Collected material -
* * * *

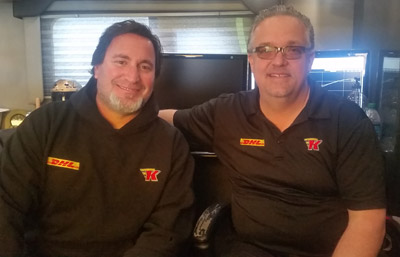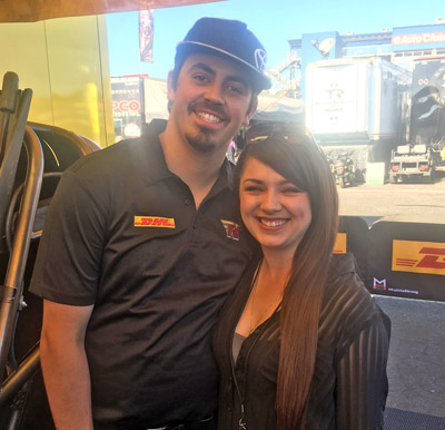 Something else we did in Pomona that was pretty fun was record the first episode of Late Night Lounge with Buck and JaaanO! Our team manager, Rachel DeLago, came up with the great idea to record Nicky Boninfante and Jon Oberhofer in their natural habitat: the DHL crew chief lounge. Those two sit up there and talk about everything, and they’re usually pretty funny! It seems like their lounge is the most popular hang-out spot at the track because people are constantly going in and out of that trailer. You’d be surprised how many people they can fit into their little 12-foot x 12-foot lounge. You can find the link to the pilot episode of Late Night Lounge on our Facebook and Twitter accounts, but be warned! There is some adult language and crude humor. But it’s pretty funny, so I recommend giving it a watch!
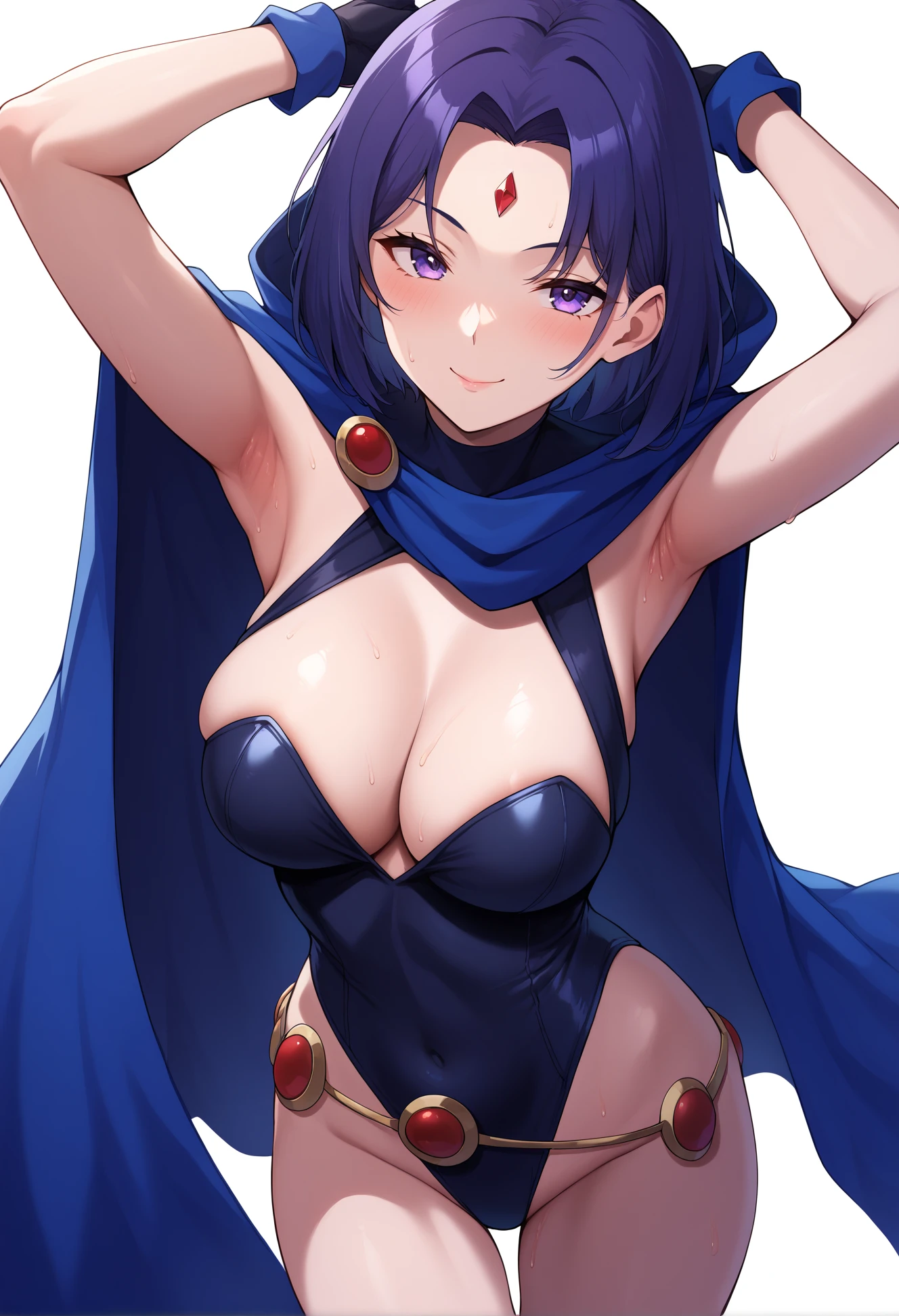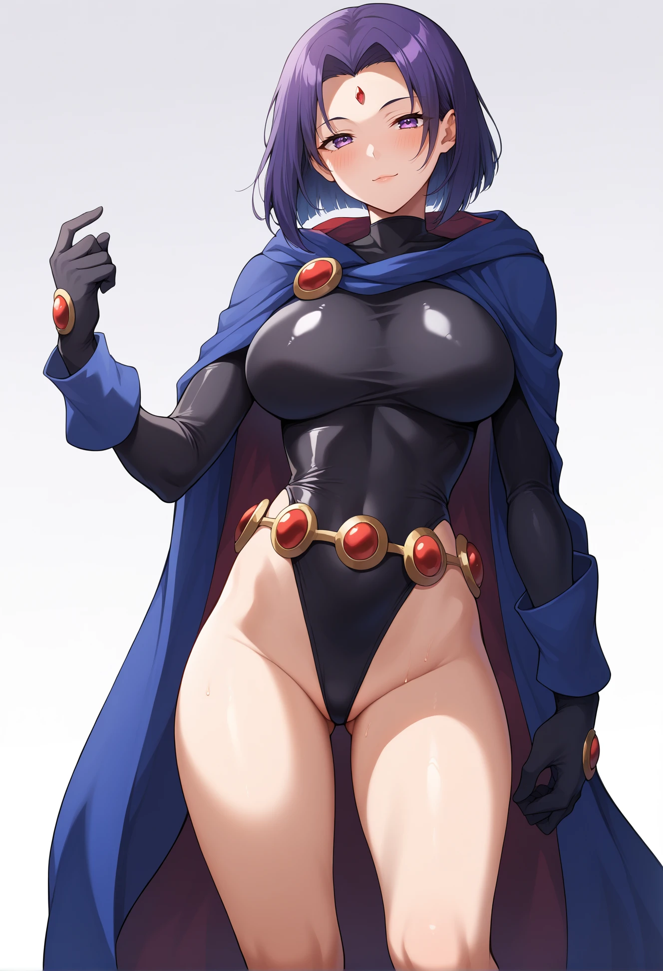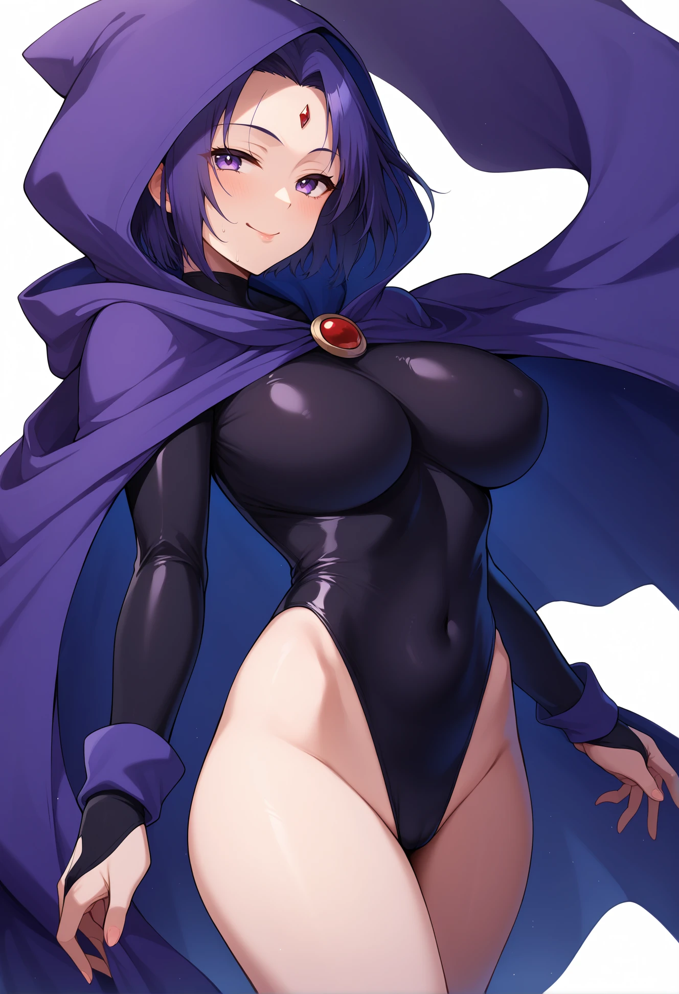 raven_(dc), short hair, colored skin, forehead jewel, grey skin, leotard, cape, belt, thighs, black leotard, highleg, highleg leotard, hood,
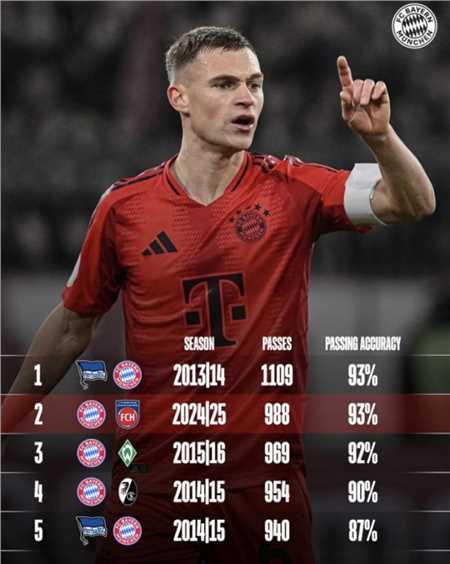 2、拜仁vs海登海姆 2024/25赛季 传球988次 传球成功率93%
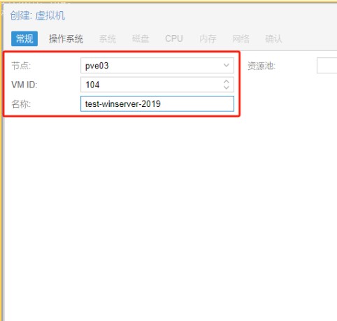 - 节点:根据实际情况选择,这里选择pve03(因为vmware的虚拟机传输到pve03节点里)

* * * *

Task prompt -
Your output must reproduce the material above in full, with no pictures.

Reply -
 Something else we did in Pomona that was pretty fun was record the first episode of Late Night Lounge with Buck and JaaanO! Our team manager, Rachel DeLago, came up with the great idea to record Nicky Boninfante and Jon Oberhofer in their natural habitat: the DHL crew chief lounge. Those two sit up there and talk about everything, and they’re usually pretty funny! It seems like their lounge is the most popular hang-out spot at the track because people are constantly going in and out of that trailer. You’d be surprised how many people they can fit into their little 12-foot x 12-foot lounge. You can find the link to the pilot episode of Late Night Lounge on our Facebook and Twitter accounts, but be warned! There is some adult language and crude humor. But it’s pretty funny, so I recommend giving it a watch!
 raven_(dc), short hair, colored skin, forehead jewel, grey skin, leotard, cape, belt, thighs, black leotard, highleg, highleg leotard, hood,
 2、拜仁vs海登海姆 2024/25赛季 传球988次 传球成功率93%
 - 节点:根据实际情况选择,这里选择pve03(因为vmware的虚拟机传输到pve03节点里)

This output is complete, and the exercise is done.